SOLUTIONS FOR SLUDGE BRAIN
1. A garden tool belt which has many pockets in which to put all of my yard tools. I have not figured out where the large shovel fits in the belt but I don’t usually lose that, as I make a habit of regularly stepping on it which results in a massive headache when it bangs me sharply in the forehead. I currently wear an apron in the yard, which sort of works as a tool belt, but there are not enough pockets and I look like a kangaroo (minus the cute baby) with my pockets completely stuffed full of tools.
2. I may as well have a second tool belt for all of indoor menial tasks that I do.
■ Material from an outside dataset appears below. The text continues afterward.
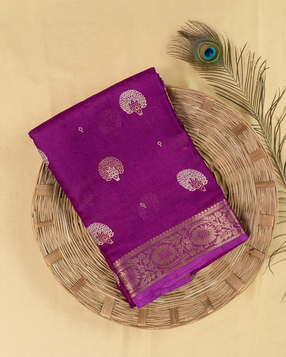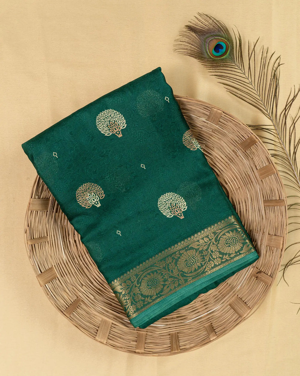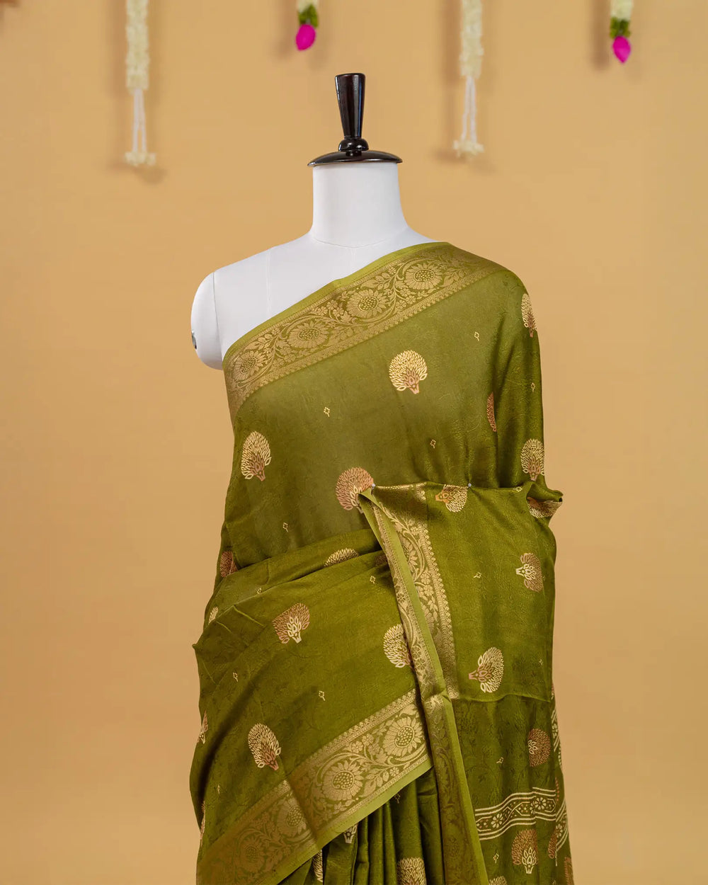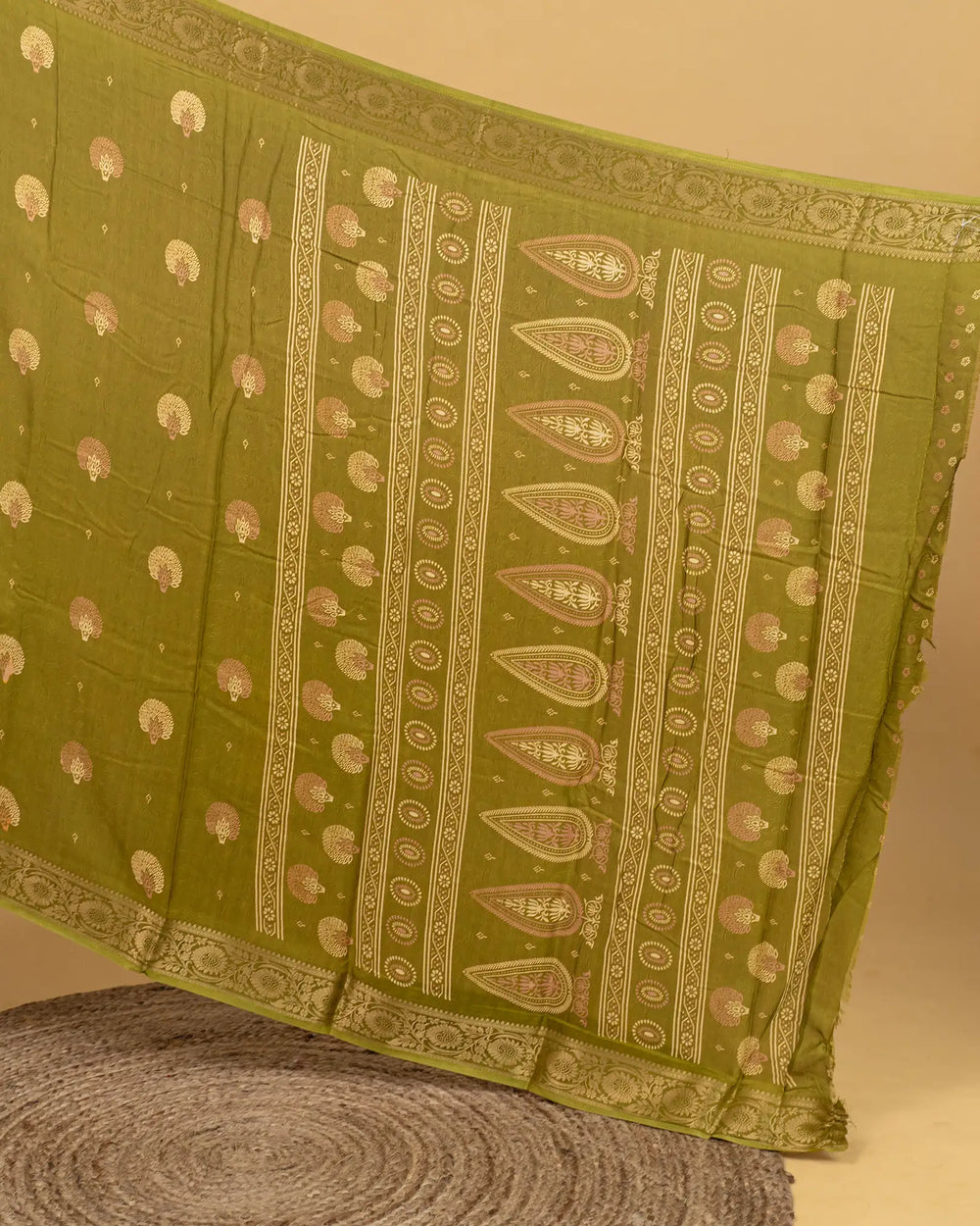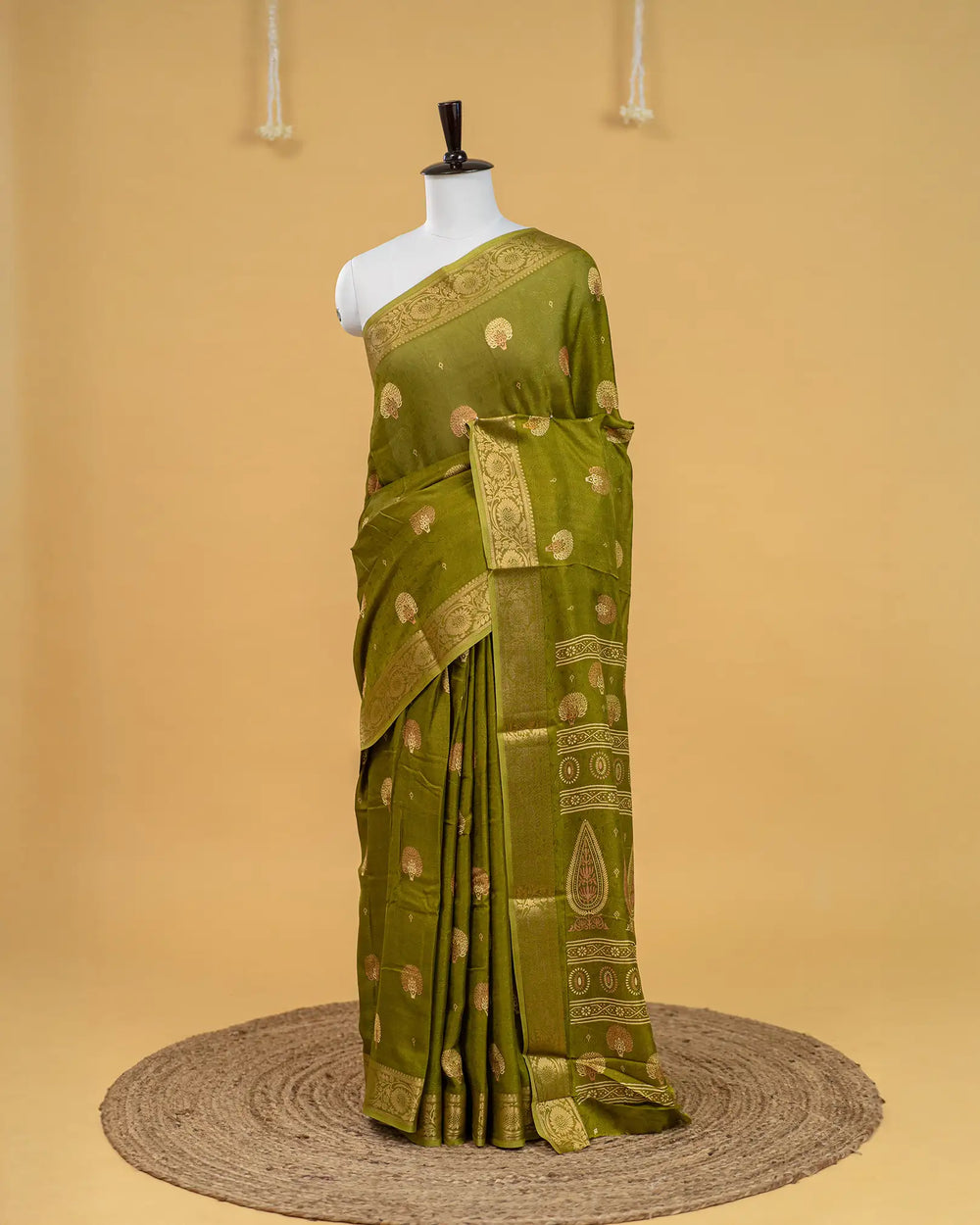 | Style | Saree adorned with embossed digital print, complemented by blouse with gold border detailing |

This belt will have to be a bit larger as I often wander down to the laundry room and then of course, forget why I am there, so I do some laundry. I can put some socks and things in my large indoor tool belt when I hike back upstairs. As with the first tool belt, this apron lacks a really large pocket which is useful for carrying larger items such as the ironing board, a well known toe stubber in our basement. Now that I think about it, the tool belt would also have to have an attachment for several rolls of toilet paper. My people are incapable of going to the linen closet to re-supply the bathroom with T.P. This seems to be a task that only super-forgetful mom can do. I shudder to think how long they wait before I get to this task. I notice that my husband also comes down to the laundry room only to have a complete blank look on his face. He does not dare ask me, “Why am I here?” Ridicule and scorn would be heaped upon him in large doses.
3. Final solution…crossword puzzles–and I don’t mean the crossword puzzles from “People” magazine. According to my Google research, I can wiggle my eyes back and forth for some memory improvement while singing aloud to my music. Actually, the source suggested “reading aloud” but I am sure singing will work. There is no doubt my husband will have me committed if I attempt all three of these things at once. However, if these tactics don’t keep my mind sharp, I don’t know what will, as my friend just said to me this morning. “My data banks are full.” I think my data banks are archived. By the way, Lexi found my small shovel and string today on the trail in front of our house. Don’t ask.